The Avengers and the Body

I wrote an earlier post that looked at a spiritual theme in the Avengers movie. That one had something for both the lost and Christians, so I posted it on both blogs. There’s another theme that really only applies to Christians, and it only really changes the end. Here is the post again, but with a slightly different ending.

The Avengers is one of the best superhero movies ever made. Like some of the other recent superhero movies, the thing that made it so good wasn’t just the spectacular adventure, but the personal stories intertwined with that adventure. Real characters that develop as the story unfolds, adding a literary depth to the well-crafted adventure. In this case, a key theme was how a bunch of diverse and independent characters came together to battle something bigger than all of them, and how they ultimately succeeded. There’s was a success born not only from physical power, but from paradox ultimately more powerful than even the tesseract. The seed for this paradox was planted near the beginning, during Loki’s speech.

At that point, Loki speaks to a crowd under his control. After commanding them to kneel, he proclaims that humans “were made to be ruled”. Interestingly, no argument is made against that, but exception is taken to Loki being the ruler. In a very real sense, the statement is true, because we all choose who is the ruler of our lives. One way to frame this is whether we choose to focus on self or selflessness. Basically, we decide who is going to be Lord of our life; ourself, or someone else.

In the movie, the heroes faced this dilemma as they struggled to work together without destroying each other (and perhaps the entire world) in the process. All of them were powerful and strongly independent. For example, Tony Stark was so arrogantly independent and egotistic, that he was deemed unsuitable to work with the in a team (“I don’t play well with others”). As powerful as they were, as long as each asserted his own will, they had no success. When they tried to work together, they were less than the sum of their parts.

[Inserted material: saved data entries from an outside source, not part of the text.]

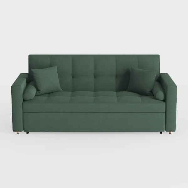 This elegant sofa draws inspiration from contemporary design principles, marrying minimalist aesthetics with functional comfort. Upholstered in a rich, deep green fabric, it exudes a sense of tranquility and sophistication, making it a standout piece in any living space. The subtle texture of the fabric invites touch, while the plush seating offers an inviting haven for relaxation.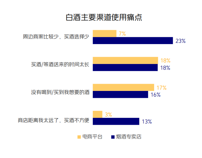 聚会、商务和宅家是白酒三大核心场景,即时零售能提升多场景表现,满足场景下的核心需求。比如与生意伙伴交际时,不用带酒,到餐厅就能有心仪的白酒,这能让请客者更有“面子”。即时零售配送速度快,门店、产品选择范围广,能满足消费者快速用酒的需求,补足其他渠道痛点。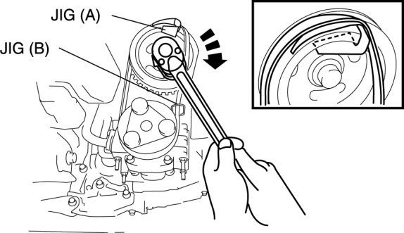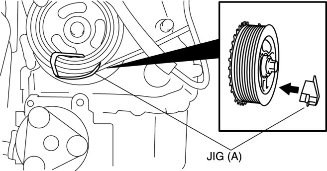 3. Install a jig (A) to the crankshaft pulley as shown in the figure.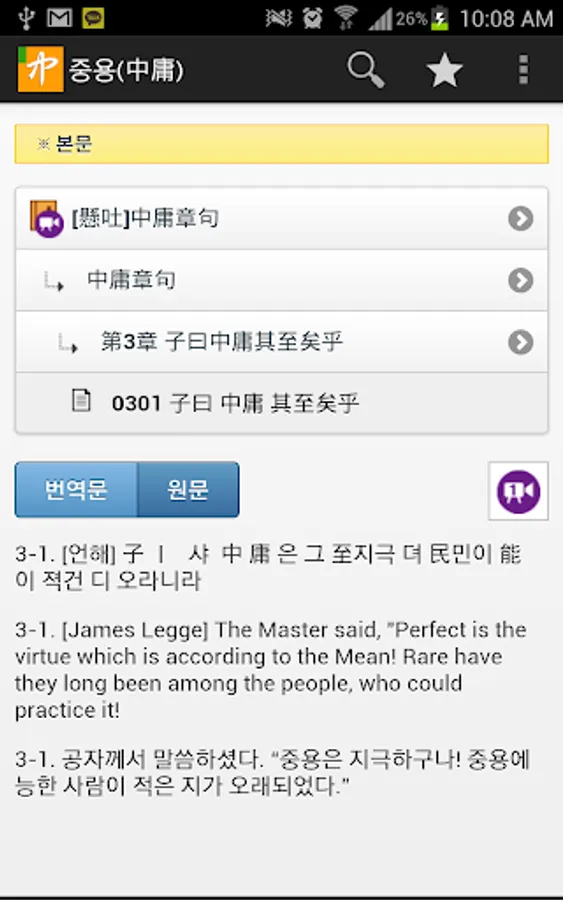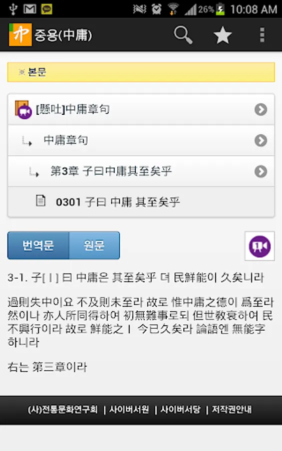 - 전통문화연구회 보급하고 있는 동양고전 앱 사서(논어論語,맹자孟子,대학大學,중용中庸)시리즈 중 하나인 중용 입니다.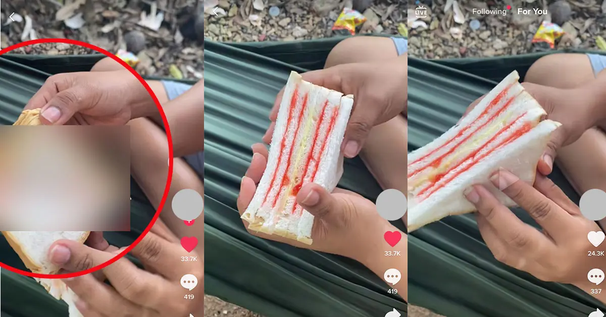 แต่เจ้าขนมปังสามเหลี่ยมแสนจะคุ้นตา กลายเป็นประเด็นจนได้ เมื่อผู้ใช้ติ๊กตอกรายหนึ่ง ได้แชร์คลิปวิดีโอสั้นๆ โดยในคลิปเราจะเห็นขนมปังสามเหลี่ยมหลายแผ่น สอดไส้แยมสตอเบอรี่ สีแดงของแยมและสีขาวของขนมปัง ส่งให้ดูน่าทานไปอีก แต่แล้วความจริงก็ปรากฏ เมื่อเจ้าของคลิปเปิดดูไส้ในขนมปัง ถึงกับงง ว่าที่จริงแล้วไส้แยมมีอยู่น้อยนิด น้อยขนาดไหน ให้ภาพบรรยาย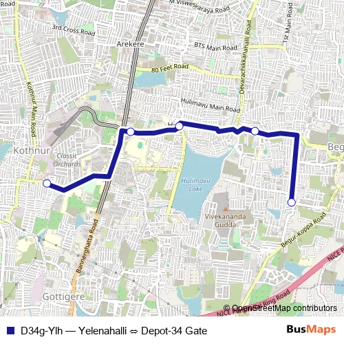 The first stop of the D34g-Ylh bus route is Depot-34 Gate and the last stop is Yelenahalli. D34g-Ylh (Yelenahalli ⇔ Depot-34 Gate) is operational during everyday.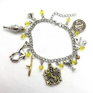 A bracelet for the Hogwarts House Hufflepuff. Features 9 charms and 10 yellow beads. Charms include a platform 9 3/4 charm, always charm with a heart, snitch, cup, emblem of a badger, broomstick, doe, Felix Felicis potion bottle, & sorting hat. Made of silver tone zinc alloy. Lobster clasp closure.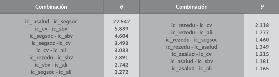 Un elemento que también debiera de ser tomado en cuenta es la potencial asociación entre las carencias que conforman el mismo espacio de los derechos sociales. De existir asociación entre estas variables se afectan los resultados al calcular su relación con la variable de pobreza por ingresos. Por ello en el Cuadro 8 se muestran las razones de posibilidad de las quince combinaciones resultantes de elegir dos a dos las carencias. Los niveles más altos se reportan en las carencias de acceso a servicios de salud y a seguridad social (ic_asalud e ic_segsoc), seguidos de condiciones y servicios básicos en la vivienda (ic_cv e ic_sbv). Respecto del primer caso, esto se debe a cómo se formulan las carencias desde la LGDS; y en el segundo caso se debe a que ambas variables son complementarias en la descripción de una vivienda. Por otro lado, las variables que reportan asociaciones más débiles son el rezago educativo y el acceso a servicios de salud (ic_rezedu e ic_asalud).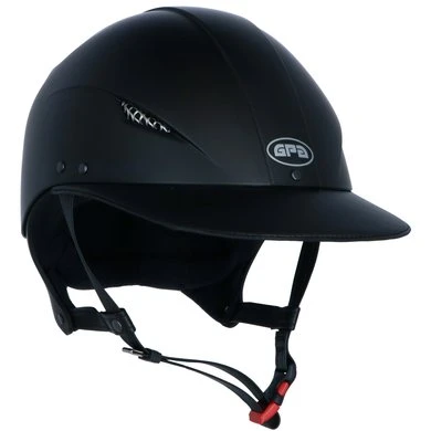 De klassieke kinband is vervangen door een hybride systeem, een nieuwe exclusieve van GPA. Een kruising tussen het twin lock-systeem en de traditionele kinriem, het achterste deel is gemaakt van thermoplastische hars en verwerkt glasvezelweefsel. De nylon riemen, bedekt met synthetisch leer, worden vastgemaakt door middel van een tweedelige gesp. Dankzij het stijve deel aan de achterkant dat de schaal verlengt, garandeert de hybride kinband een uitgebreidere bescherming en betere ondersteuning van de helm op het hoofd. Dankzij het stijve deel aan de achterkant dat de schaal verlengt, garandeert de hybride kinband meer uitgebreide bescherming en een betere grip van de helm op het hoofd.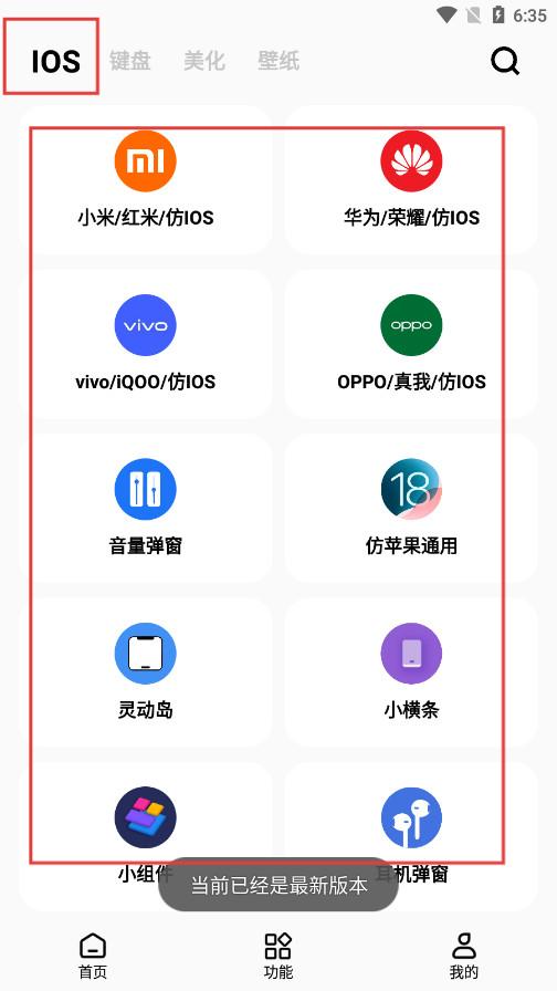 1、进入应用【功能】页,选【IOS】分类,有“小米/红米/仿iOS”等机型适配、“灵动岛”等功能,点击安装对应仿iOS模块。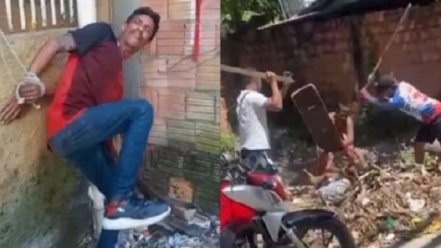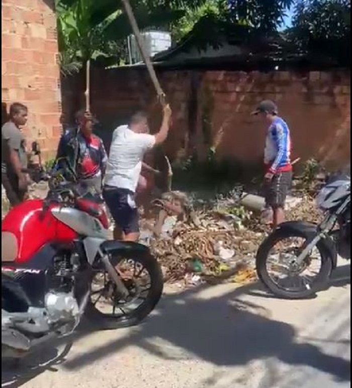 Um ladrão aparece jogado ao chão e sendo atacado com pauladas por um grupo de homens, que as pessoas que postaram esse vídeo, sem se identificar, afirmam que são traficantes e membros do tribunal do crime “cobrando pesado” os ladrões que já haviam sido advertidos, mas não quiseram obedecer a ordem decretada pelas facções.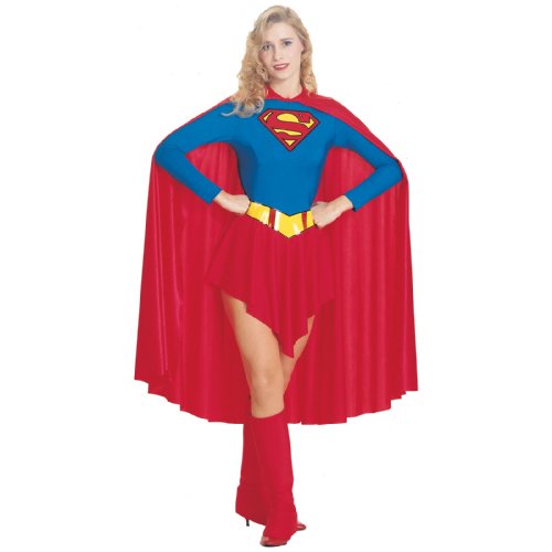 -. Binding : Apparel -. Brand : Rubie's -. ClothingSize : Small (6-10), Medium (10-12) and Large (14-16) -. Color : Red & Blue -. Department : womens -. Feature : Supergirl costume comes with leotard with skirt, belt, cape, and boot tops / Classic Superman shield embossed boldly at the chest / Costumes are sized differently than apparel, consult the Rubie's size chart and reviews before selecting your size / Officially licensed Supergirl costume, buy with confidence direct from Amazon, a trademark of DC Comics / Rubie's offers licensed DC Comics character costumes and accessories in sizes and styles for the entire family -. Genre : Superheroes/Villains -. IsAdultProduct : 0 -. Label : Rubies Costumes - Apparel -. Manufacturer : Rubies Costumes - Apparel -. MPN : RC15553 -. NumberOfItems : 1 -. PackageQuantity : 1 -. PartNumber : RC15553 -. ProductGroup : Apparel -. ProductTypeName : ADULT_COSTUME -. Publisher : Rubies Costumes - Apparel -. Size : Small -. Studio : Rubies Costumes - Apparel -. Title : DC Comics Deluxe Supergirl Costume, Red/Blue, Medium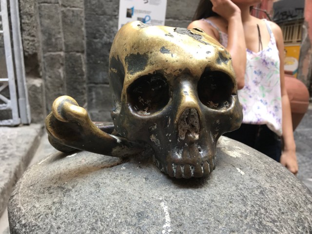 Apparently she’s the ‘good’ character so you touch her nose for luck. Mario explained that Neopolitan Catholics are very superstitious, which makes absolutely no sense to me – if you believe God’s in charge shouldn’t that make you less worried about bad luck? Unless you think that God’s a tricksy fellow who likes to catch people out with tests that he never properly explains, in which case it seems like God’s not really on your side at all. Very confusing.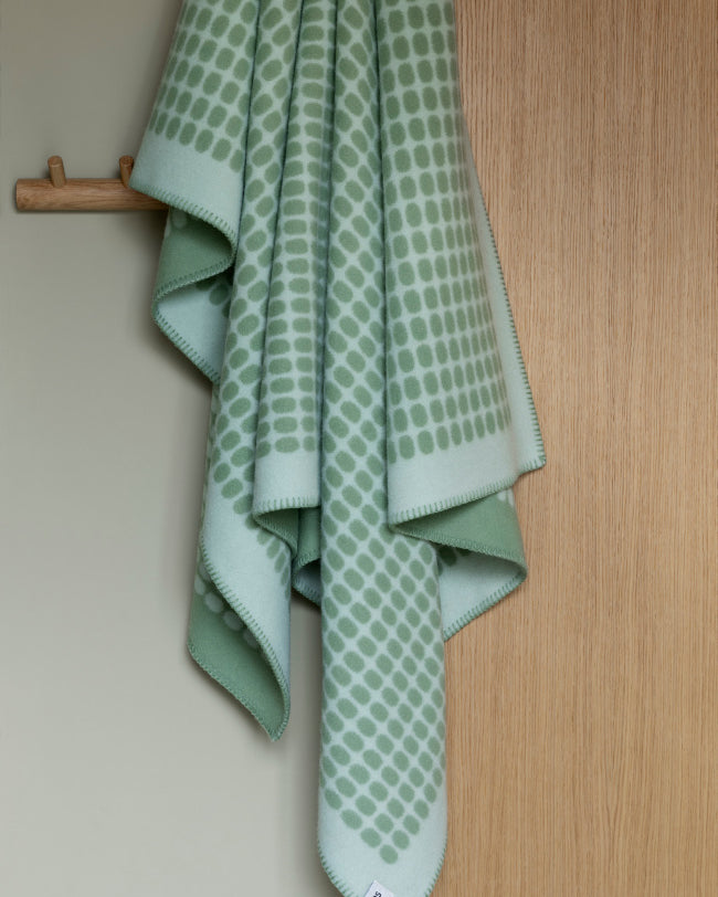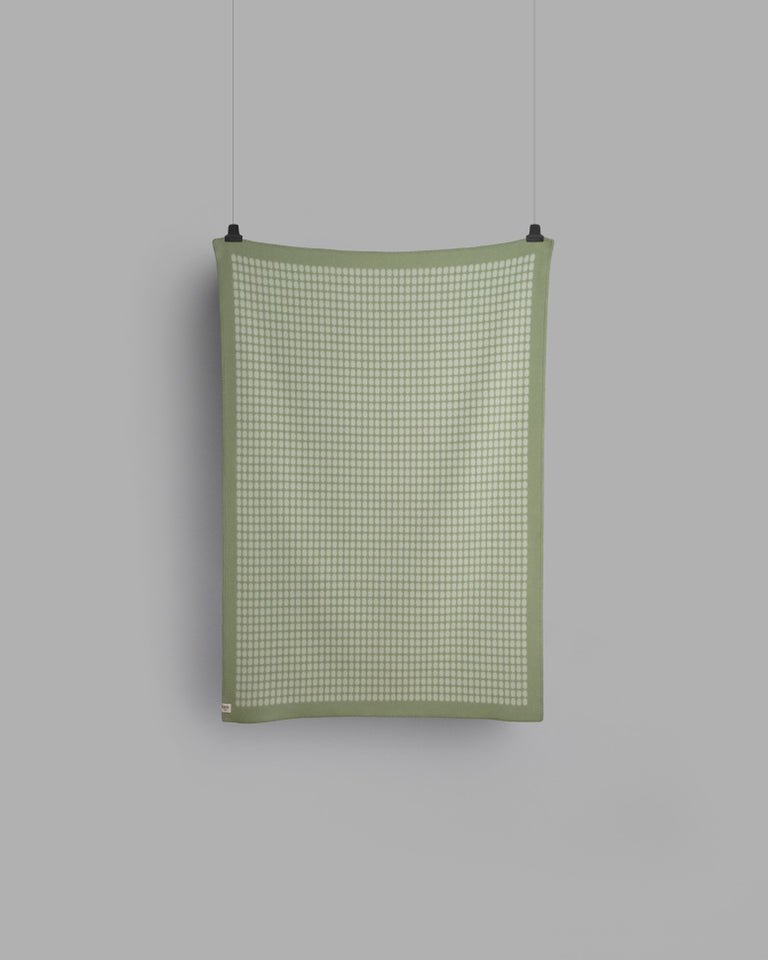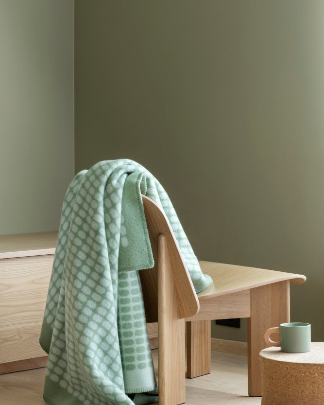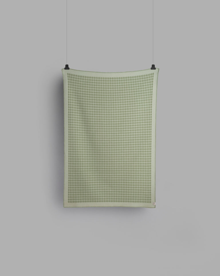 Selv om mønsteret er vevd inn i pleddet, kan det nesten se ut som det er trykket på den myke overflaten og gir assosiasjoner til klassiske teknikker som sjablong, silketrykk, litografi, raster og blokktrykk

It was only upon the death of Agent Coulsen that they began to look beyond themselves and came together in a spirit of selflessness. They realized the necessity of putting their individual perspectives below the greater need of defending the planet. Each had different abilities, and could support the effort in a way that none of the others could. The best chance for success lay in making sure they each used their special talents the most effective way possible, but coordinated so that they worked in harmony instead of conflict. Thus, each one had to put his or her strength in the service of the group.

For this to work, they needed a leader to coordinate. But in this context, any leader had to be selfless as well, able to think of the whole space, and not just those aspects he was special at. This leadership position fell naturally to Captain America. He was a natural choice for two reasons. First, they were in a war, and he was the ultimate soldier. Second, and more important, he was the most selfless one of the group. Although others, like Thor and to some extent Ironman, developed some sense of self-sacrifice in their growth as heroes, Captain America was chosen from the beginning because of this trait. While still normally human in his origin movie, a pivotal event occurs in which he throws himself on a grenade in order to save others. And in the Avengers, while part of an elite group with incredible powers, he acknowledge the reality of an even more supreme power.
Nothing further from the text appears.